Feb. 14: Meet the Candidate: UMSOM Dean Candidate Town Hall
February 09, 2022Join us at 1 p.m. Feb. 14 for the second of four planned town halls to meet the final candidates being considered as the next dean of the University of Maryland School of Medicine. This event is open only to UMB faculty, staff, and students.
Who: Mark T. Gladwin, MD
Jack D. Myers Distinguished Professor and Chair
Chairman of the Department of Medicine
Associate Dean for Physician-Scientist Mentoring
Associate Vice Chancellor for Science Strategy, Health Sciences
University of Pittsburgh Medical Center and University of Pittsburgh School of Medicine
Date: Feb. 14, 2022
Time: 1 p.m. to 2:30 p.m.
Location: MSTF Leadership Hall
Dr.
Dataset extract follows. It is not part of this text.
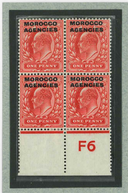
Both blocks plate 42 Perforation type V2
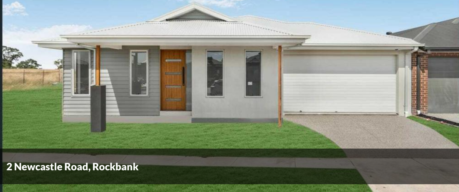
2 Newcastle Road, Rockbank

Gladwin is a physician-scientist, clinician, educator, and academic leader who serves as the Jack D. Myers Distinguished Professor and chair of the Department of Medicine at the University of Pittsburgh School of Medicine and University of Pittsburgh Medical Center. As department chair since 2014, he oversees more than 750 faculty and combined clinical and research revenues of about $300 million. He also serves as associate dean for Physician-Scientist Mentoring and associate vice chancellor for Science Strategy, Health Sciences.
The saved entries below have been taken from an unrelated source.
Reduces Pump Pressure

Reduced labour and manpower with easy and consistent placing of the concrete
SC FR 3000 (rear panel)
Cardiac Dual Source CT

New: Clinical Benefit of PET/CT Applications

He previously served as a branch chief in the intramural program of the National Heart, Lung, and Blood Institute at the National Institutes of Health (NIH) and was the founding director in 2008 of the Pittsburgh Heart, Lung, and Blood Vascular Medicine Institute.
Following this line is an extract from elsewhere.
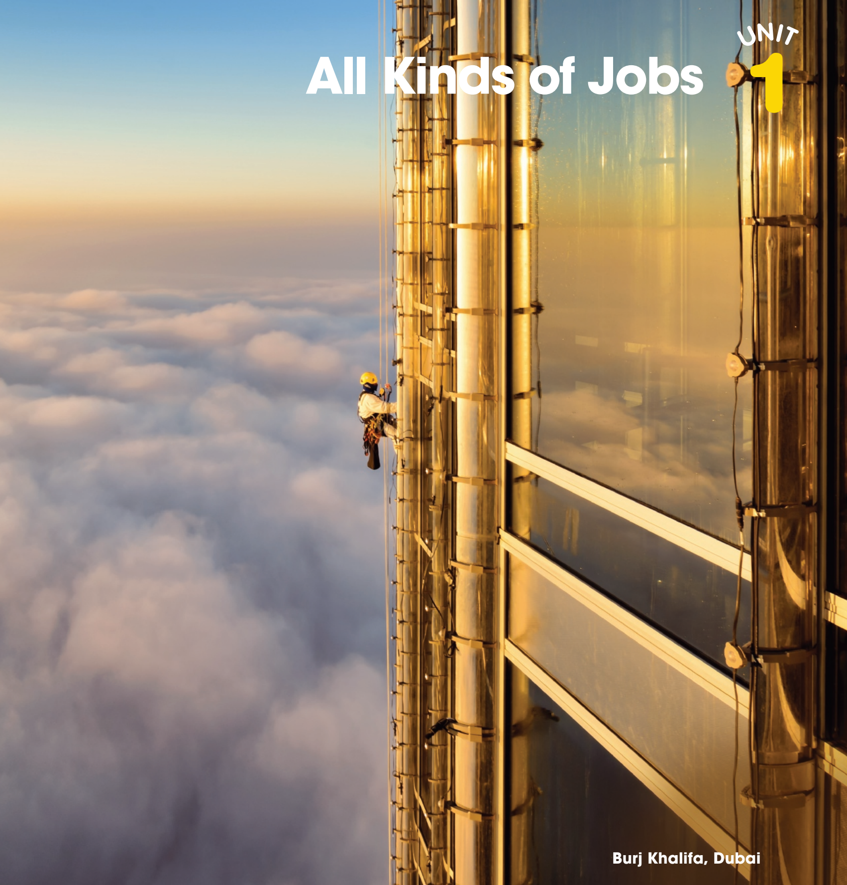
Burj Khalifa, Dubai

Look at the photo. Answer the questions.

Dr. Gladwin also leads active basic and clinical research programs, directs a T32 training grant, and attends clinical services in the medical ICU.
He earned his bachelor’s and medical degree from the University of Miami. He completed his internship and chief residency in internal medicine at the Oregon Health Sciences University, followed by a critical care medicine fellowship at NIH and a pulmonary fellowship at the University of Washington in Seattle.
He is the co-author of the textbooks “Clinical Microbiology Made Ridiculously Simple” and “Critical Care and Hospitalist Medicine Made Ridiculously Simple.”